The records below must be output exactly, with no images carried over.

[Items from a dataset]
***

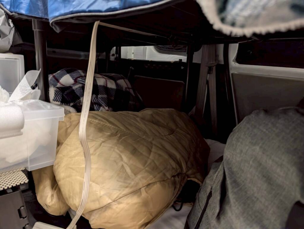 前回記事とは違って今回は夫婦車中泊なので、ちゃんと二段ベッドを立てて活用します。
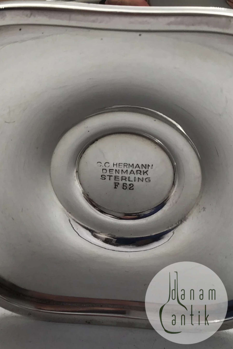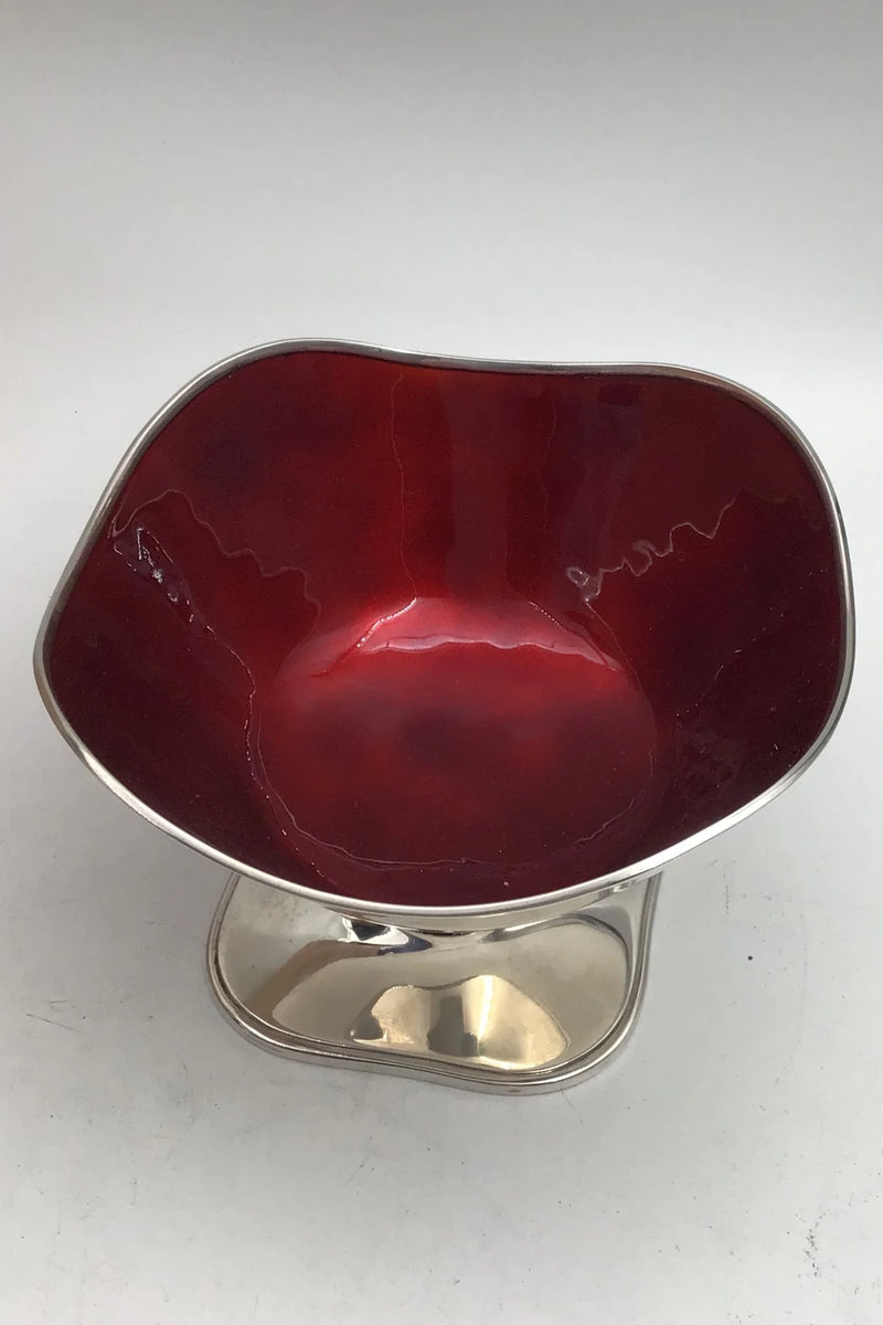 C. C. Hermann Sterling Sølv Skål på fod F52 (Rød Emalje)
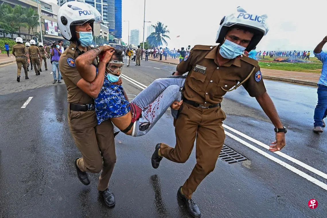 斯里兰卡陷入经济危机,周一爆发更大规模的反政府示威。示威群众在首都科伦坡的总统府外面要求总统拉贾帕克萨为国家危机下台负责,结果与支持政府的群众起冲突,造成至少70人受伤。图为当地警察抬着一名受伤的市民就医。斯里兰卡总理马欣达·拉贾帕克萨(76岁)当天宣布辞去总理一职,他是总统的哥哥。斯里兰卡政府周一宣布全国各地无限期戒严,并派出军警驻守站岗,防止冲突持续。因为燃油、医疗品与必需品严重短缺,加上断电情况严重影响民生,斯里兰卡从今年3月31日以来爆发示威浪潮。(法新社)
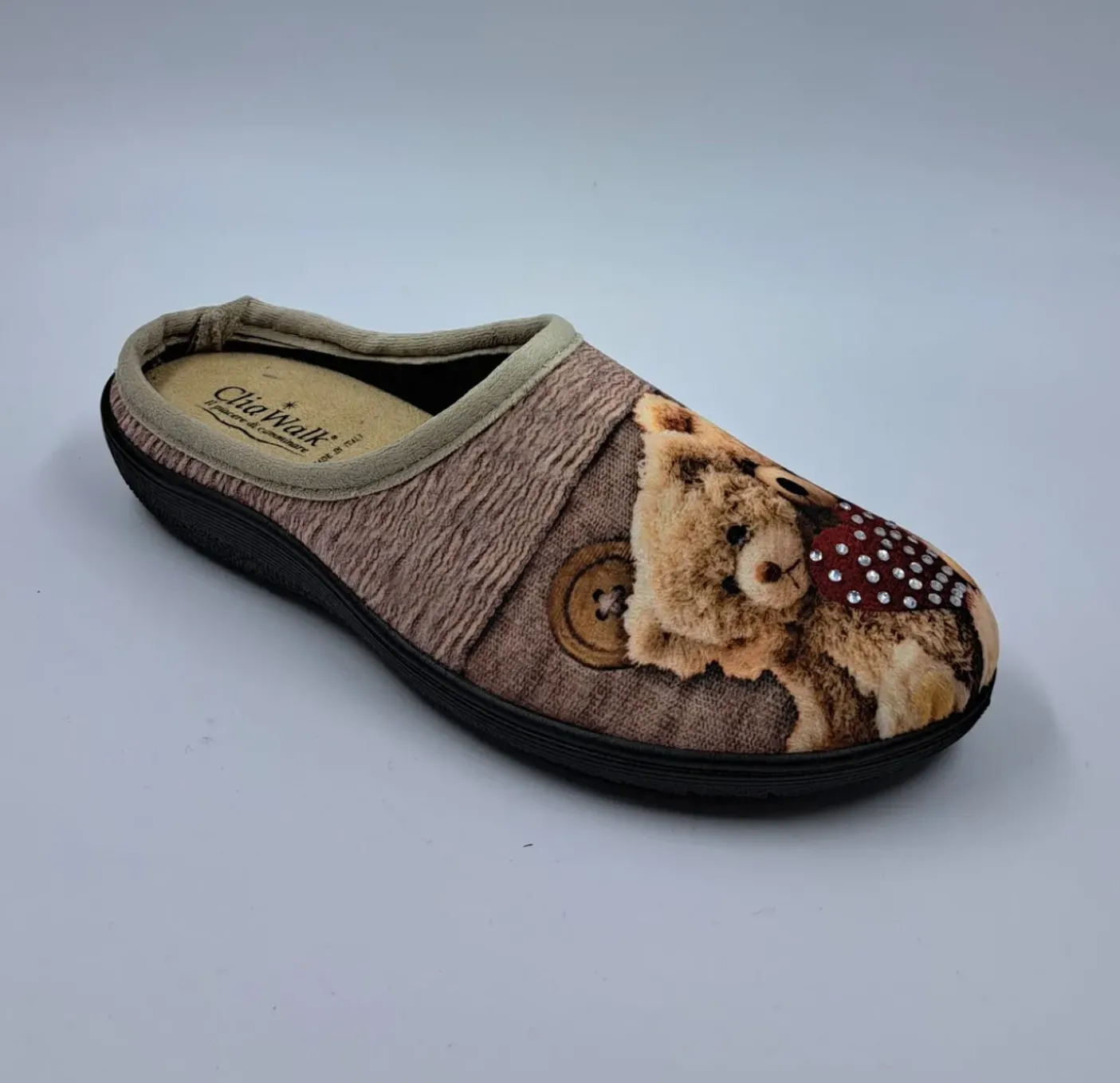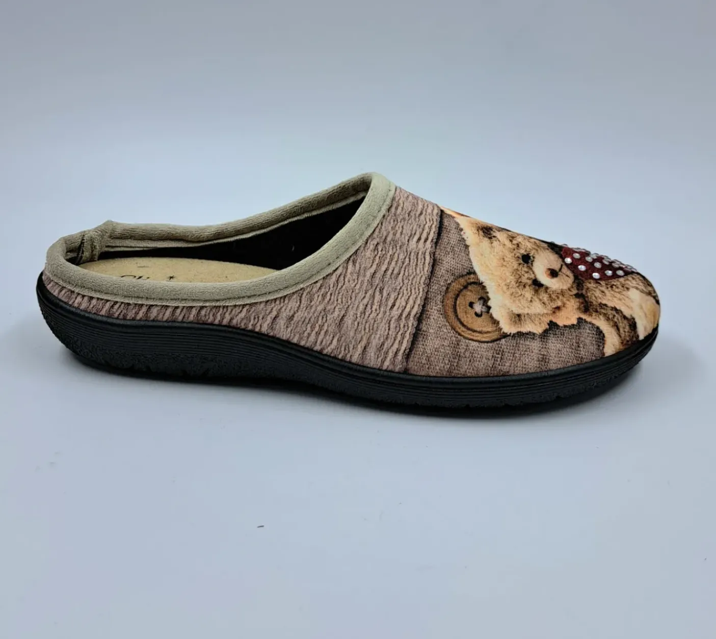 Pantofole in caldo tessuto con stampa orsetti. Soletta in velluto. Fondo in gomma.
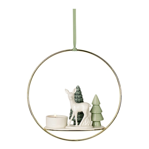 Ljushållaren levereras med ett grönt band, vilket gör den enkel att hänga i ett fönster, från taket eller där du vill tillföra en magisk touch till inredningen. När värmeljuset tänds reflekteras ljuset i den gyllene ringen och bambin och träden belyses, vilket skapar en varm, lugnande scen som fångar essensen av en stilla vinterskog.
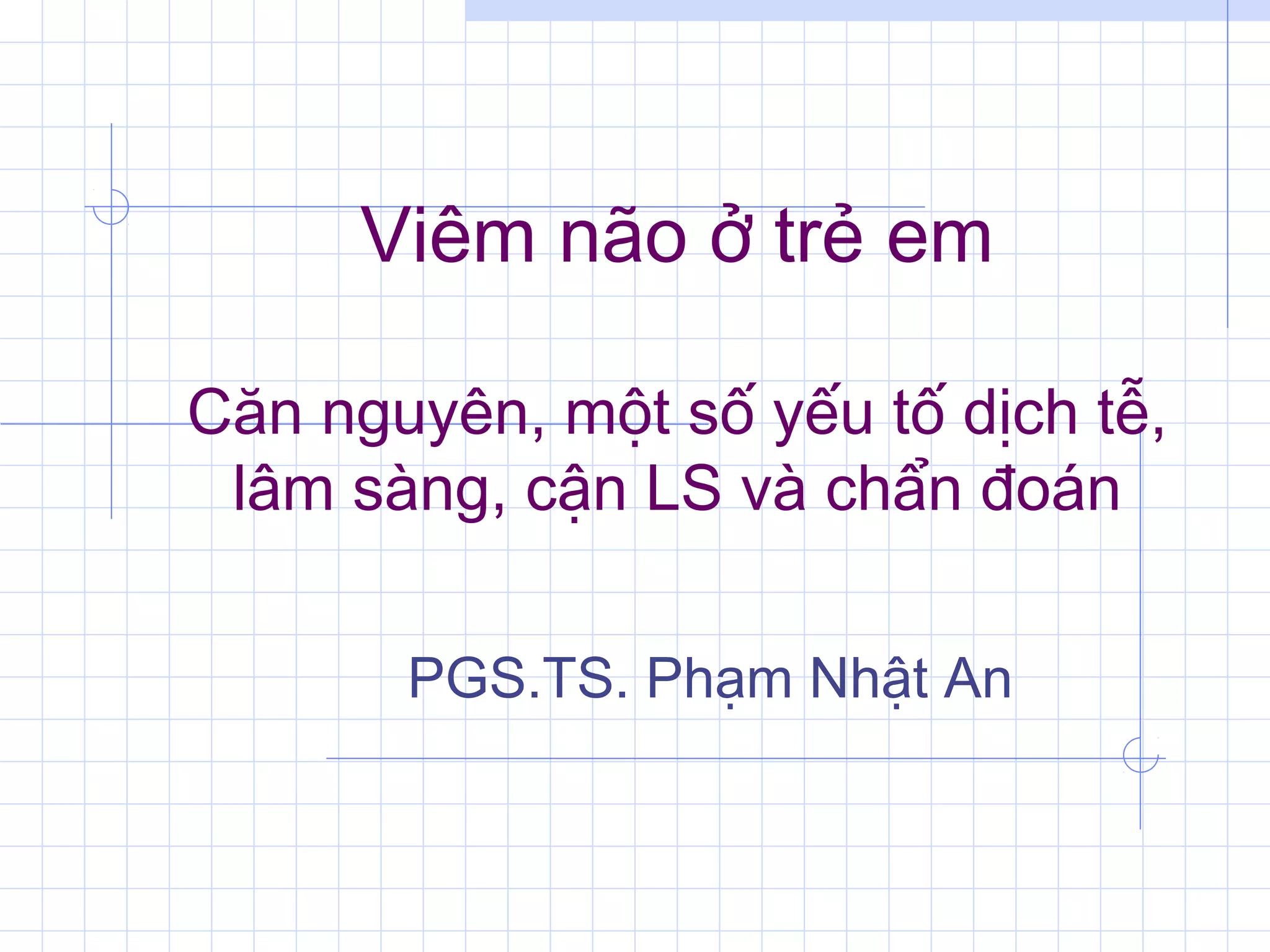 Tài liệu cung cấp thông tin về viêm não ở trẻ em, bao gồm căn nguyên, đặc điểm dịch tễ, triệu chứng lâm sàng, cận lâm sàng và phương pháp chẩn đoán, điều trị. Viêm não có thể là tiên phát do virus tấn công trực tiếp vào não hoặc thứ phát sau các bệnh nhiễm trùng khác. Tài liệu nêu rõ các loại virus và vi khuẩn thường gặp tại Việt Nam cùng với các phương pháp điều trị khẩn cấp và hỗ trợ.
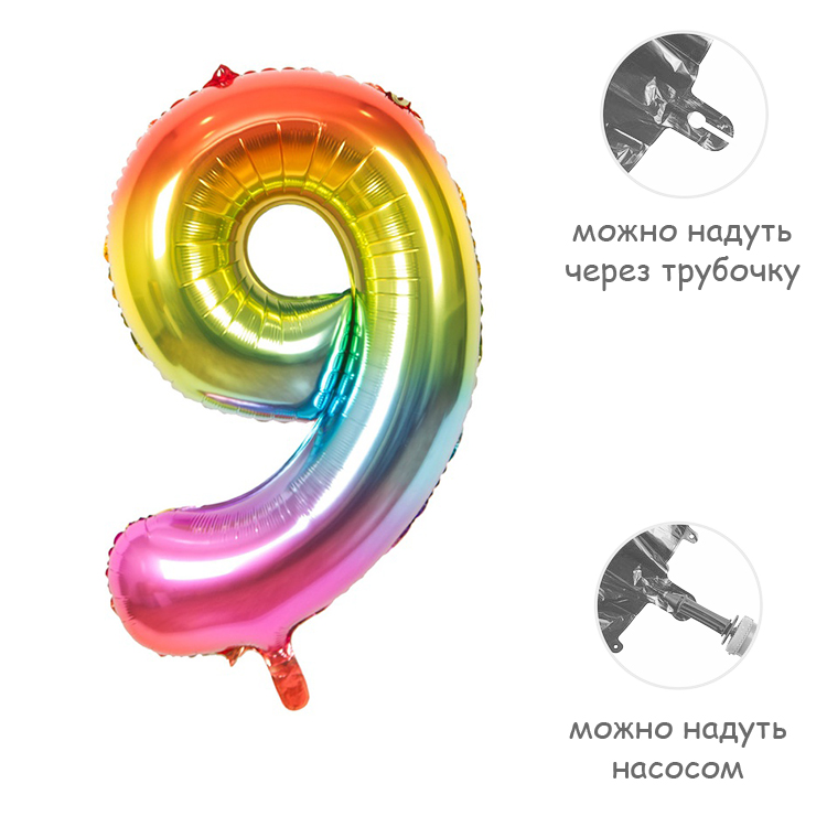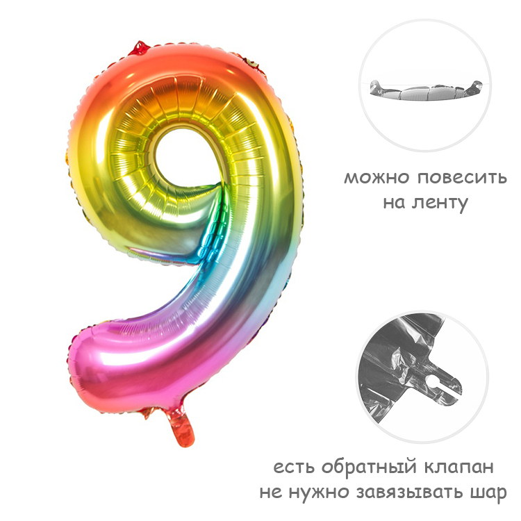 Воздушный шар цифра 9 металлик радуга 86см Китай

***

* _Exercise result_
 前回記事とは違って今回は夫婦車中泊なので、ちゃんと二段ベッドを立てて活用します。
 C. C. Hermann Sterling Sølv Skål på fod F52 (Rød Emalje)
 斯里兰卡陷入经济危机,周一爆发更大规模的反政府示威。示威群众在首都科伦坡的总统府外面要求总统拉贾帕克萨为国家危机下台负责,结果与支持政府的群众起冲突,造成至少70人受伤。图为当地警察抬着一名受伤的市民就医。斯里兰卡总理马欣达·拉贾帕克萨(76岁)当天宣布辞去总理一职,他是总统的哥哥。斯里兰卡政府周一宣布全国各地无限期戒严,并派出军警驻守站岗,防止冲突持续。因为燃油、医疗品与必需品严重短缺,加上断电情况严重影响民生,斯里兰卡从今年3月31日以来爆发示威浪潮。(法新社)
 Pantofole in caldo tessuto con stampa orsetti. Soletta in velluto. Fondo in gomma.
 Ljushållaren levereras med ett grönt band, vilket gör den enkel att hänga i ett fönster, från taket eller där du vill tillföra en magisk touch till inredningen. När värmeljuset tänds reflekteras ljuset i den gyllene ringen och bambin och träden belyses, vilket skapar en varm, lugnande scen som fångar essensen av en stilla vinterskog.
 Tài liệu cung cấp thông tin về viêm não ở trẻ em, bao gồm căn nguyên, đặc điểm dịch tễ, triệu chứng lâm sàng, cận lâm sàng và phương pháp chẩn đoán, điều trị. Viêm não có thể là tiên phát do virus tấn công trực tiếp vào não hoặc thứ phát sau các bệnh nhiễm trùng khác. Tài liệu nêu rõ các loại virus và vi khuẩn thường gặp tại Việt Nam cùng với các phương pháp điều trị khẩn cấp và hỗ trợ.
 Воздушный шар цифра 9 металлик радуга 86см Китай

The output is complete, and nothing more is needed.